Instead, only sometime the override gets called, producing

    set foo
    get foo
    get qyz
    set K
    get foo
    set g
    get g
    get f

meaning that 
    (a) modifications of global variables via global statements
    (b) code at class-level

ignore overridden methods, whereas everything else follows them
msg310810 - (view) Author: Terry J. Reedy (terry.reedy) * (Python committer) Date: 2018-01-26 22:20
I did take the code, and it would not run because of the indent.  With that fixed, it still did not run because the the indent in the quoted code fed to exec.  This does run:

import builtins
class K(dict):
    def __getitem__(self, k):
            if k not in builtins.__dict__:
                    print("get %s" % k)
            return dict.__getitem__(self, k)
    def __setitem__(self, k, v):
            print("set %s" % k)
            dict.__setitem__(self, k, v)
exec("""
foo = "bar"
foo
try:
    qyz
except NameError:
    pass
class K:
    baz = foo
    def f(ggg=foo): pass
def g(ggg=foo):
    global f
    f = 87
    f
g()
""", K())

When I run in IDLE, which execs the entire code, so none is run at module level, I get the same result.  The same is true running directly in Python after wrapping the entire code with

exec('''
# and
''')

In this case, nothing other than the outer exec is run at module level.  So I am not sure there is a bug.  If you don't get a more definitive response here, I suggest posting to python-list for opinions on whether bug or feature.
msg310819 - (view) Author: (ppperry) Date: 2018-01-26 23:06
Uh, I'm not undertsanding the relevance of whether the code is run at module-level or not. It can't possibly be a feature that * some code * uses the overrides and *other code* doesn't.
msg310822 - (view) Author: Terry J. Reedy (terry.reedy) * (Python committer) Date: 2018-01-26 23:24
I was referring back to your original a) and b) items.

Perhaps 'accidental' versus 'intentional, for whatever reason', would be the better contrast.

The weekly new issue report comes out on Fridays around noon eastern US.  I hope someone else clicks on this one.

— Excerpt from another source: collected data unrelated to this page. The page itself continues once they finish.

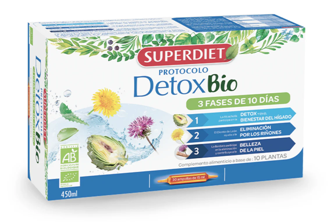 Protocolo Detox Bio es un programa focalizado y progresivo de 30 días que se desarrolla en tres fases sucesivas de 10 días. Estos tres complejos de plantas Bio están formulados según los principios de la naturopatía a base de plantas seleccionadas por los Laboratorios Superdiet.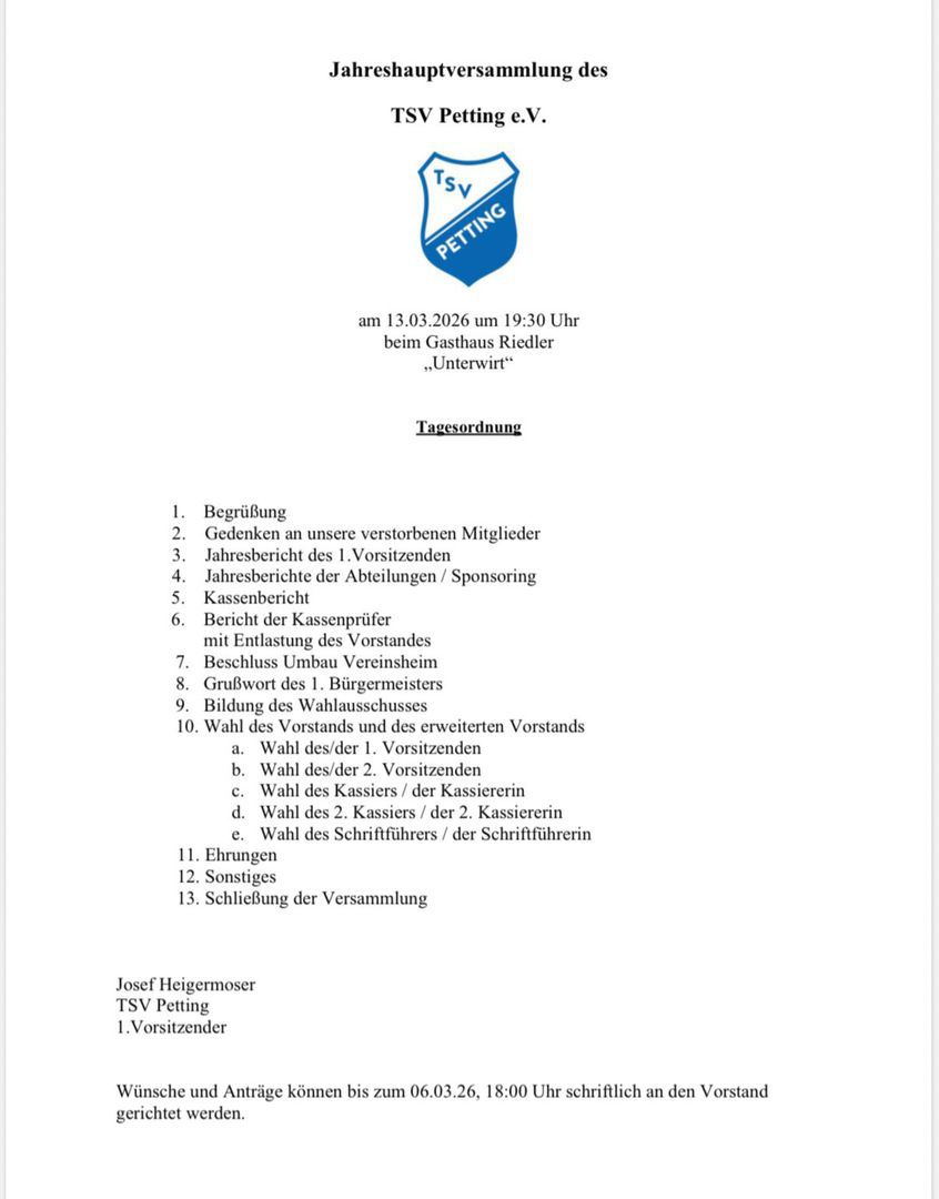 lnfo@tsv–petting.de erfahren Sie mehr.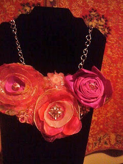 I just made this "bib" necklace using the Bigz Shot and the #2 Circle Die. Please, excuse the photo (I used the cell phone). I used two types of fabrics: organza and satin. I used a lighter to melt the edges of my circle in order to prevent fraying. It is important to use synthetic fabrics and not natural fabric (natural fabric tends to burn). I also keep a big bowl of water around when I am working with the lighter, just in case my fabric catches on fire. Finally, I had some jewelry from the 90s that I re purposed it by adding it to this necklace. You could attach the "bib" part of the necklace to pearls, beaded necklace, and or even a ribbon. I chose to attach it to a chain to contrast the dainty and feminine with bold links and masculine. It was super easy...the melting of the edges; however, takes some time and patience. You could also make hair accessories, bracelets, rings, paper crafting, etc... using the Bigz Shot and #2 Circle Die. The PAWS-ibilities are endless. If you are interested in learning more about the Bigz Shot, visit my on line store.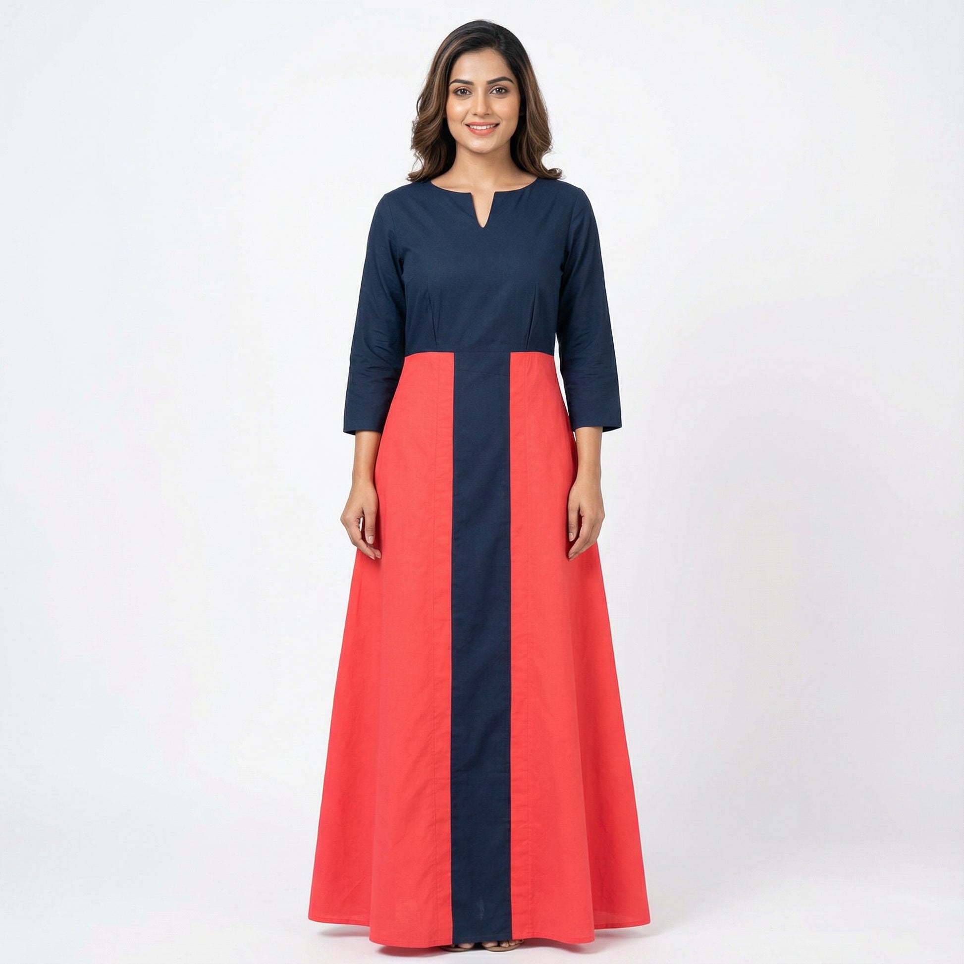 This eye-catching maxi dress features a bold, two-tone color-block design that perfectly balances modern sophistication with a flattering silhouette. Crafted with a navy blue bodice and a vibrant coral-red skirt, this dress is designed to make a statement at any semi-formal event or evening outing.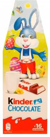 Kinder Chocolate Batonik z mlecznej czekolady z nadzieniem mlecznym 200 g Zestaw Kinder Mix czekoladek, to idealny prezent na Święta Wielkanocne, który zadowoli najmłodszych i osłodzi im dni przedświąteczne albo zachwyci jako prezent podczas Świątecznych poszukiwań. Zestaw zawiera 200g najpyszniejszych czekoladek znanej marki Kinder. Mini Kinder czekolada Batonik z mlecznej czekolady z nadzieniem mlecznym (60 %). Składniki: czekolada MLECZNA 40 % (cukier, MLEKO pełne w proszku, tłuszcz kakaowy, miazga kakaowa, emulgator: lecytyny (SOJA); wanilina), cukier, MLEKO odtłuszczone w proszku (18 %), olej palmowy, MASŁO odwodnione, emulgator: lecytyny (SOJA), wanilina, Składniki mleka: 33 % - Składniki kakao: 13 % Specyfikacja: Zawartość: 133g 16 batoników * wysyłamy losowe opakowania, które znajdują się na zdjęciach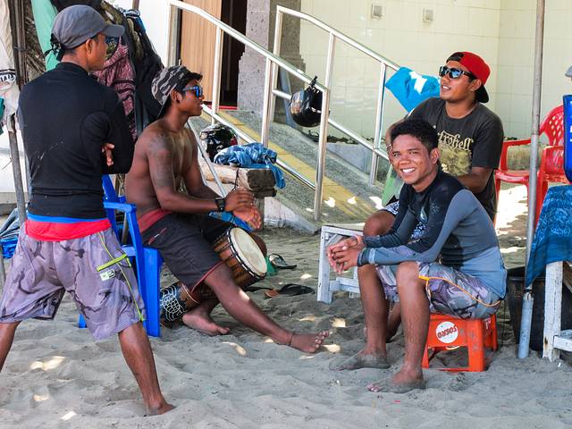 餐过后奔赴Kuta海滩,上午的主题是学冲浪。行前觉得这项运动不太适合父母这个年龄段的,挡不住老爸浓厚的兴趣,就带他一块玩玩吧……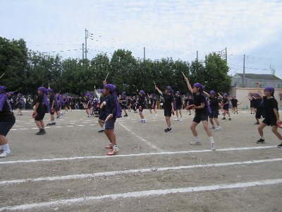 (6年生)「クラスダンス・エイサー」始めは各クラスの子どもたちが考えた創作ダンス、続いて心を一つにを目指して取り組んだエイサーです。パーランクーの音が校庭に響きました。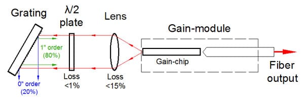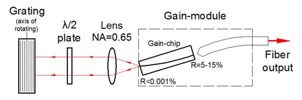 該設備包括帶有彎曲條紋的“C型”增益芯片。條紋傾斜的刻面專為外部反饋而設計,并具有深層 AR 涂層,從而使芯片波導的背反射極低。它確保了自激的阻斷,并消除了在外腔系統中操作時與復合腔相關的問題。這導致在整個調諧范圍內具有高邊模抑制比 (SMSR) 的非常精細的譜線。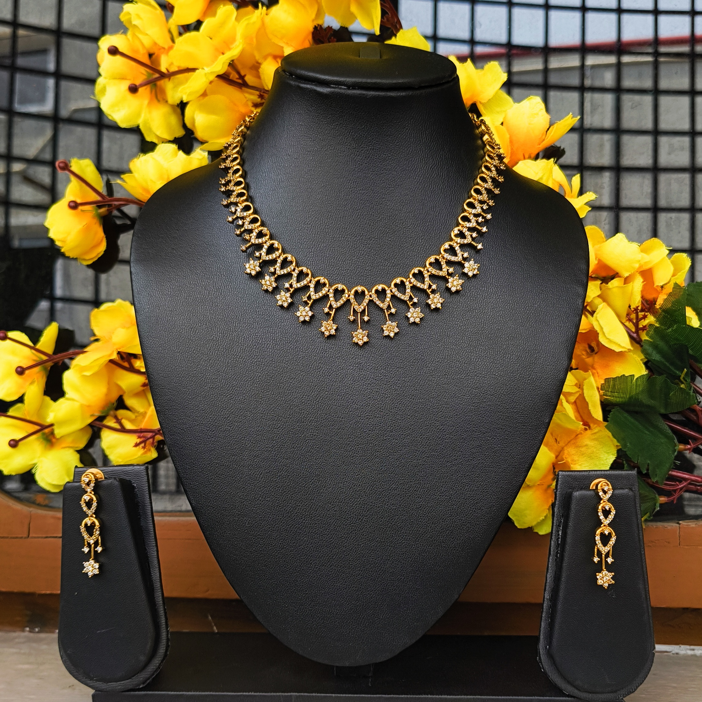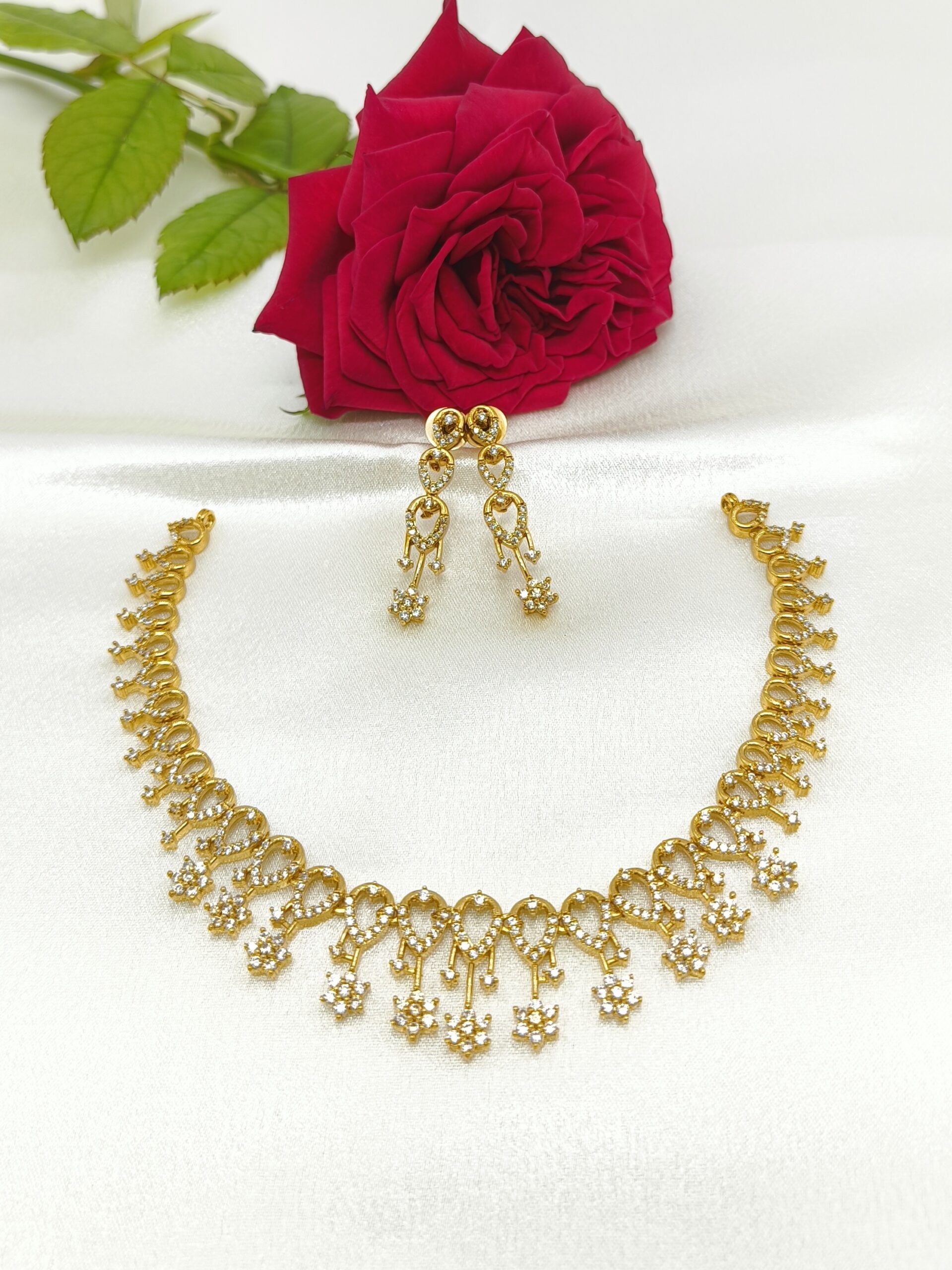 Carefully crafted with a beautiful flower pattern, this necklace set adds a stylish and refined feel to your jewellery collection. It pairs wonderfully with both ethnic and modern outfits, making it a lovely accessory for various occasions.

I suggested the possibility of python-list because there would usually be people 'competing' to explain the puzzling behavior and check for obscure clauses on the reference.  In any case, some analysis would have to precede action.
msg359066 - (view) Author: Paul Sokolovsky (pfalcon) * Date: 2019-12-30 22:24
Some smart maintainer closed https://bugs.python.org/issue36220 as a duplicate of this one. That ticket might have more details of the underlying issues.
msg359067 - (view) Author: Terry J. Reedy (terry.reedy) * (Python committer) Date: 2019-12-30 22:40
Victor, Pablo, I added you two since you commented on the duplicate.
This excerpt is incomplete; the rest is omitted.